I've never had this problem before. Launching either firefox or thunderbird in KDE takes around 30-45s to load and there is no launch feedback. Other gtk apps load just fine, not to mention qt native apps launch in less than a second.

This problem didn't exist on my last machine and it's only been one week. Anyone have any insight into this problem?


----------



## aragon (Nov 17, 2008)

Check that your hostname resolves.  Add it to /etc/hosts if necessary.


----------



## surferwl (Nov 18, 2008)

aragon,good!


----------



## developer (Nov 18, 2008)

Try firefox3!

It's very good


----------



## caesius (Nov 19, 2008)

developer said:
			
		

> Try firefox3!
> 
> It's very good



same problem with firefox and firefox3,

I feel this is more of a GTK issue than a specific "mozilla" problem


----------



## Mel_Flynn (Nov 19, 2008)

I think the problem lies more with plugins and extensions. Stumbleupon for instance will (if you don't log out on browser close) prefetch some stuff from the net.
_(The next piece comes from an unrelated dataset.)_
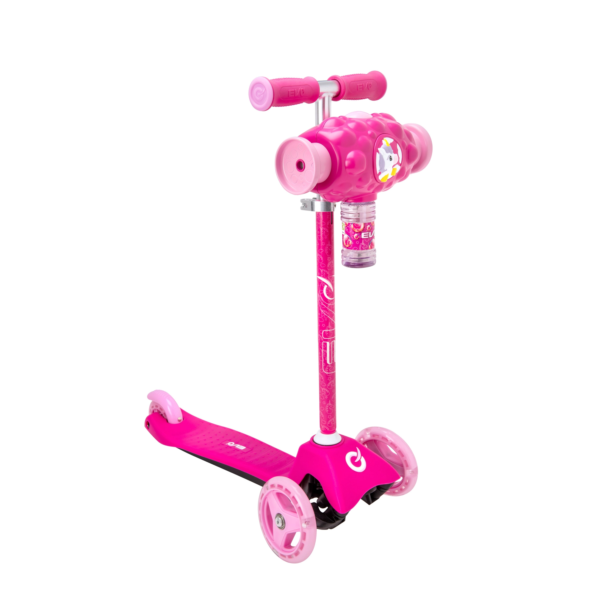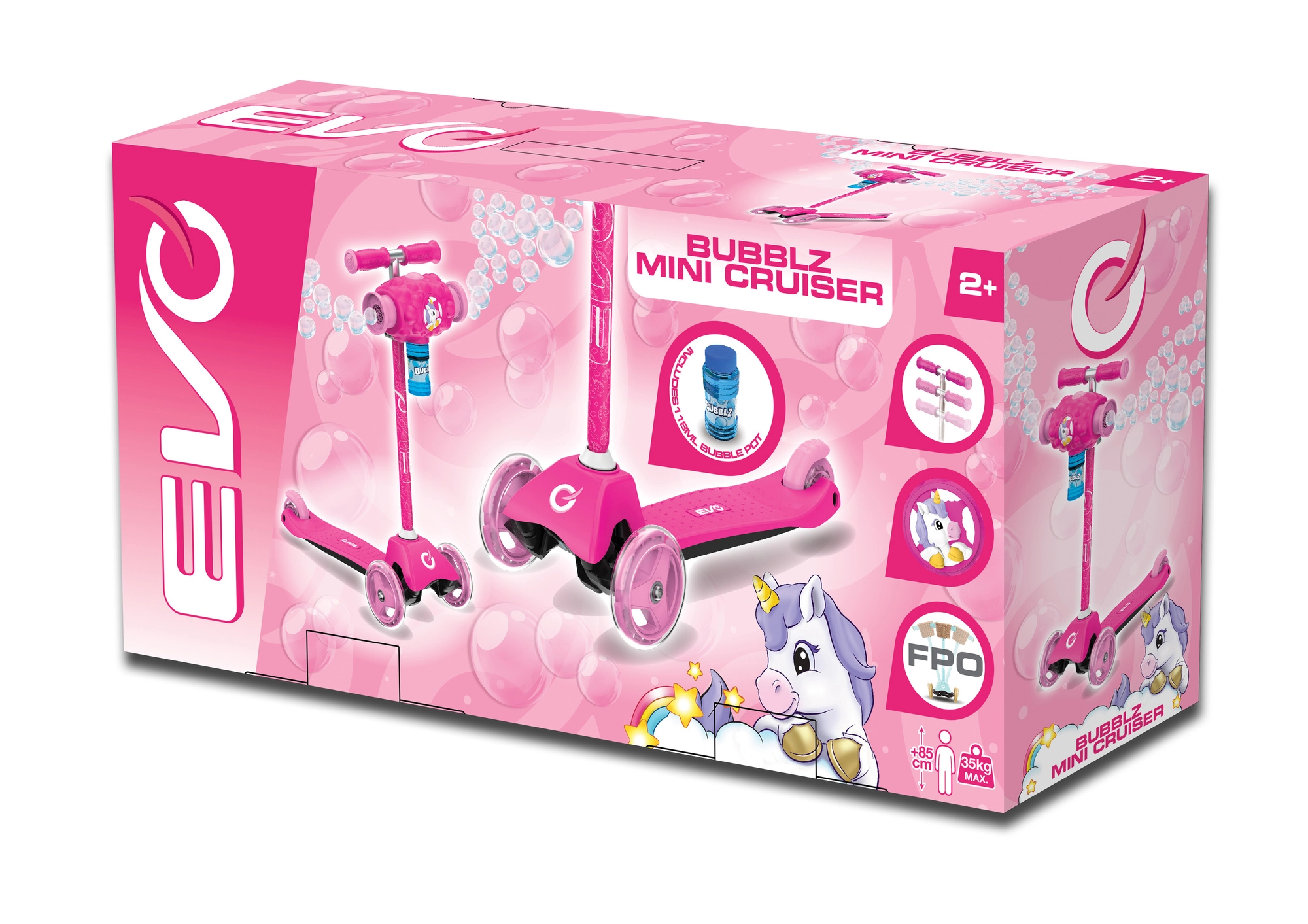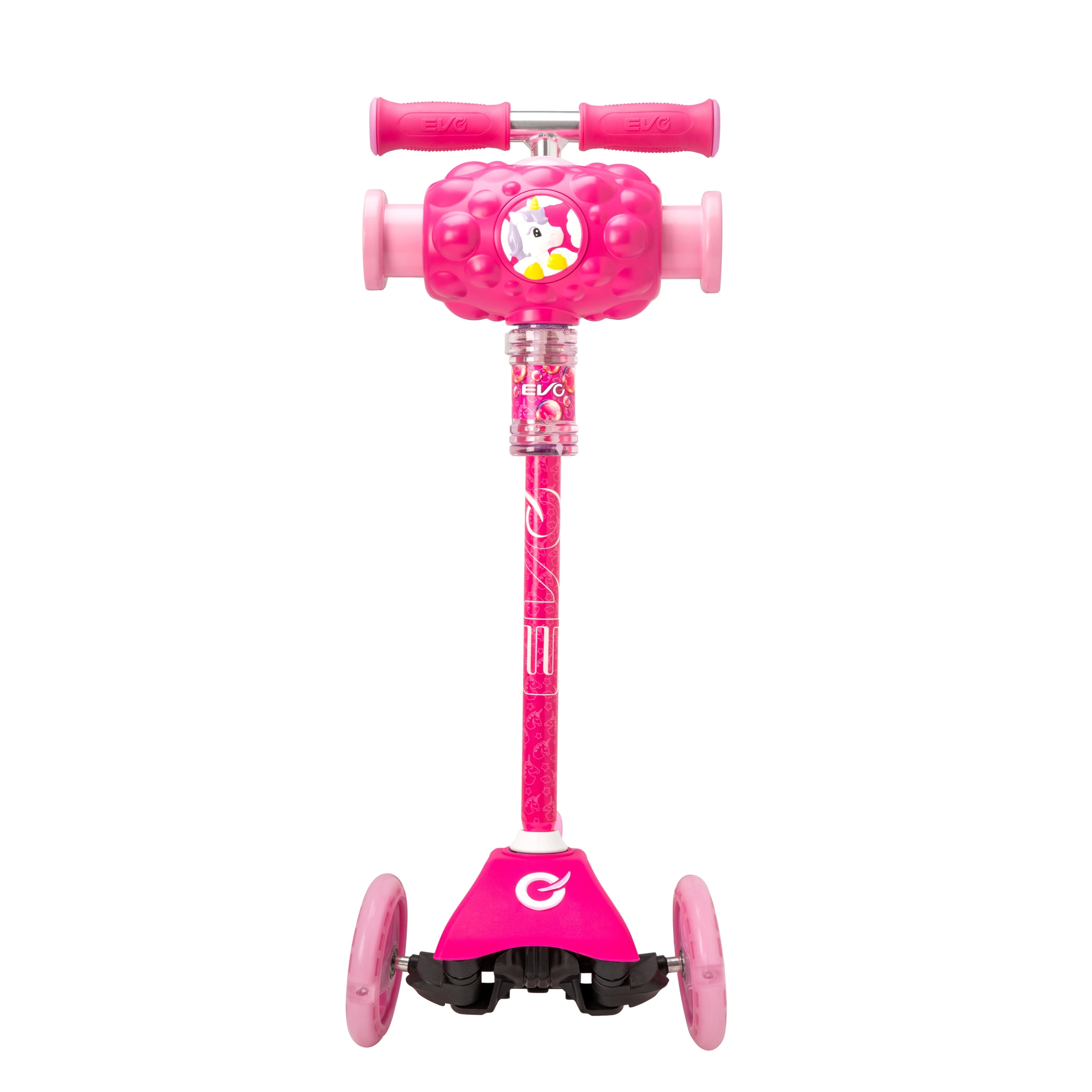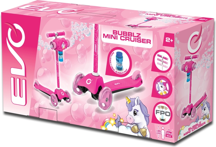 Az EVO Bubblz Mini Cruiser játékos és biztonságos háromkerekű roller a legkisebbeknek. A két első és egy hátsó keréknek köszönhetően kiváló stabilitást kínál, a dőlésvezérelt irányítás pedig segít a gyerekeknek természetes módon gyakorolni az egyensúlyt és a koordinációt. Az állítható kormánymagasság a gyermek testalkatához igazítható, így a roller együtt nő vele.

You could start it from Konsole window to see if there's anything specific it's hanging on or that it just does a lot while starting.


----------



## caesius (Nov 21, 2008)

Mel_Flynn said:
			
		

> I think the problem lies more with plugins and extensions. Stumbleupon for instance will (if you don't log out on browser close) prefetch some stuff from the net.
> 
> You could start it from Konsole window to see if there's anything specific it's hanging on or that it just does a lot while starting.



No noise when started from console, only addon installed is the default one (DOM inspector I think?)


----------



## Mel_Flynn (Nov 22, 2008)

Do other browsers have the same issue of slow start up?


----------